= Vinicio Gómez =

Guatemalan politician

Carlos Vinicio Gómez Ruiz (23 October 1961 – 27 June 2008) was a Guatemalan politician; at the time of his death, aged 48, he was serving as the country's interior minister (ministro de gobernación).

==Career==

Vinicio Gómez studied dental surgery at the Universidad de San Carlos de Guatemala.
In the late 1980s he entered public service, with a series of appointments in the security services, specialising in criminalistics, anti-drug efforts, and combating organised crime.

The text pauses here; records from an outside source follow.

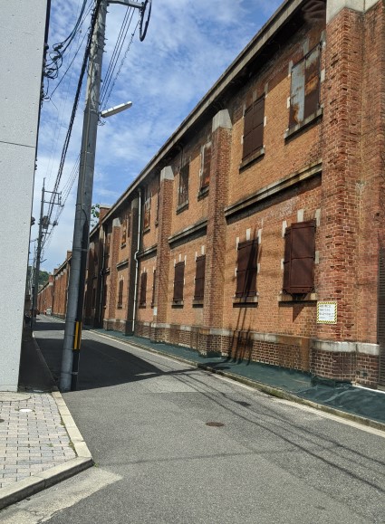遠くにレンガ造りの旧陸軍の被服支廠がある。
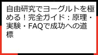 自由研究 自由研究でヨーグルトを極める!完全ガイド:原理・実験・FAQで成功への道標 ヨーグルト自由研究完全攻略!成功への道標:原理から応用、実験方法、結果考察まで徹底解説 ヨーグルトをテーマにした自由研究で、最高の成果を出したいあなたへ。 この記事では、ヨーグルトの基本的な原理から、実験方法、そして結果の考察まで、自由研究... 2025.08.25 自由研究
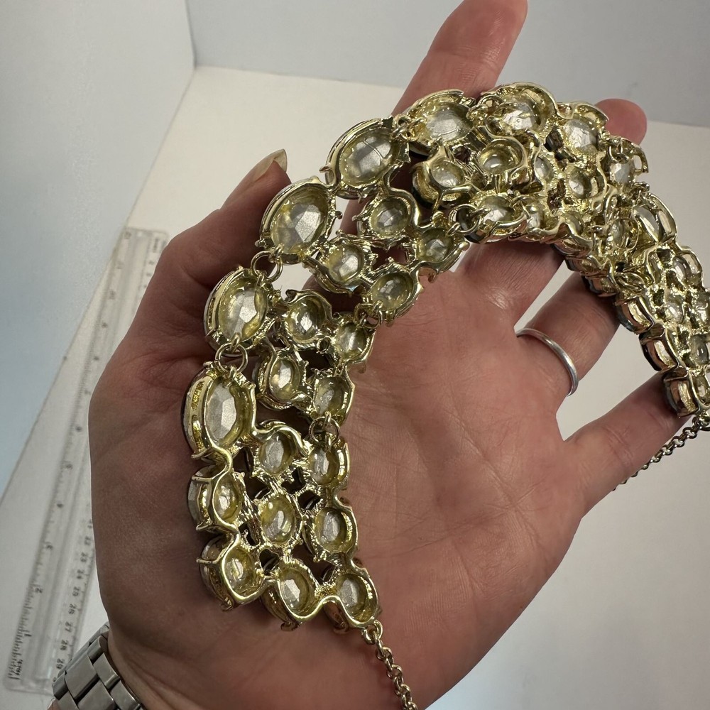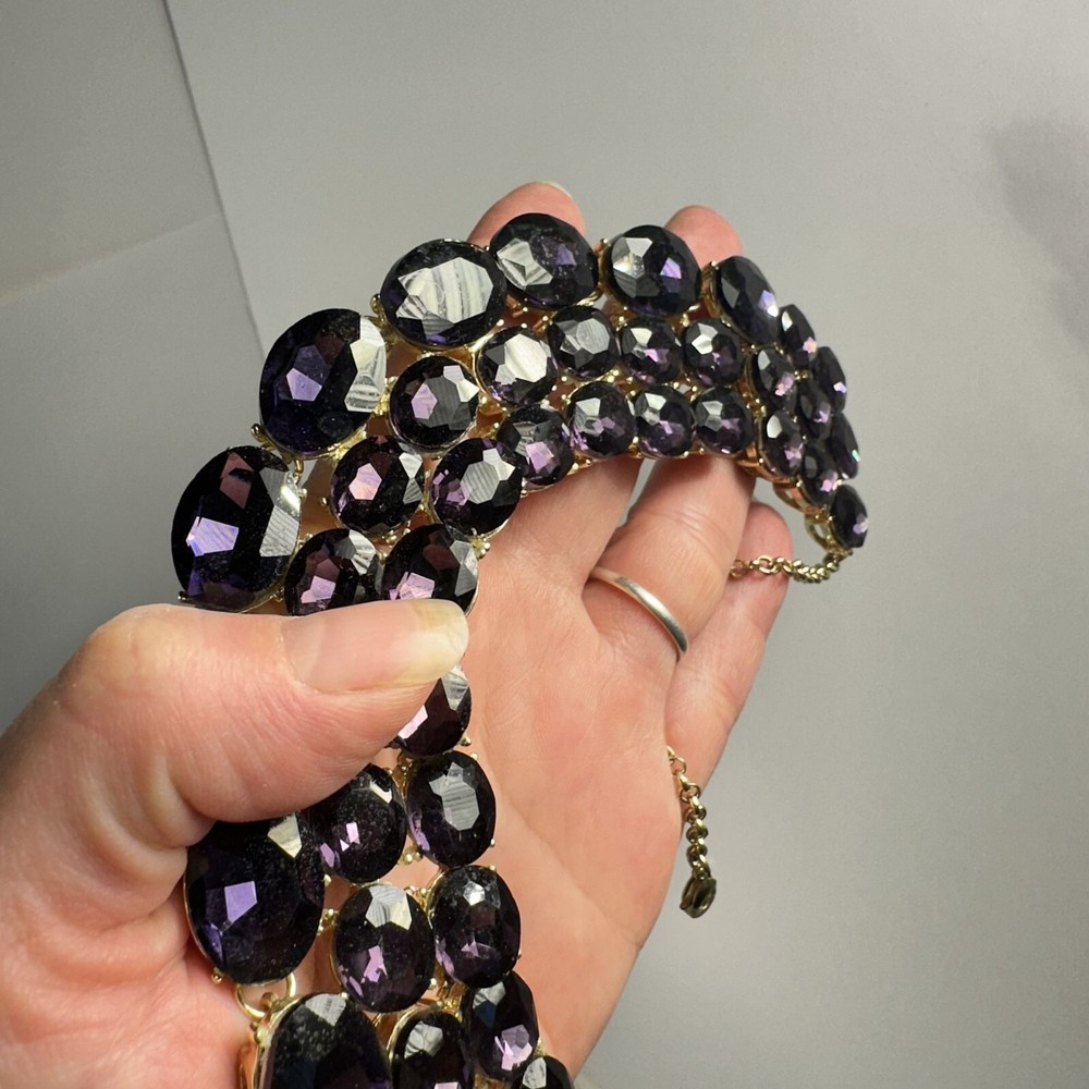 Elegant jewelry set with bold purple stones, suitable for upscale events. Features a gold-plated finish for added sophistication. • Adjustable chain clasp for a secure fit • Matching ring included, adjustable • Lightweight for comfortable wear • High-quality faceted stones for sparkle Necklace length = 18 inches Good condition.

He was appointed interior minister in January 2008 when President Álvaro Colom took office. He had previously served as deputy minister in the government of Óscar Berger.

==Death==

Gómez died in a helicopter crash in the central department of Baja Verapaz along with deputy minister Édgar Hernández Umaña and the helicopter's two pilots. The authorities lost radio contact with the aircraft at 1308 local time (1908 UTC) on Friday, 27 June 2008. It disappeared over the Alta Verapaz department en route to Guatemala City from Petén in the north.It was later found to have crashed in the municipality of Purulhá, some 75 km from the departmental capital Salamá. It is thought that the crash was caused by bad weather. The officials were on their way to a regional security meeting.

As a result of the incident, Álvaro Colom returned home early from a Mexico-Central American summit under the aegis of the Tuxtla Mechanism in Villahermosa, Tabasco.
Three days of national mourning were declared and both functionaries were posthumously awarded the Presidential Medal of Merit.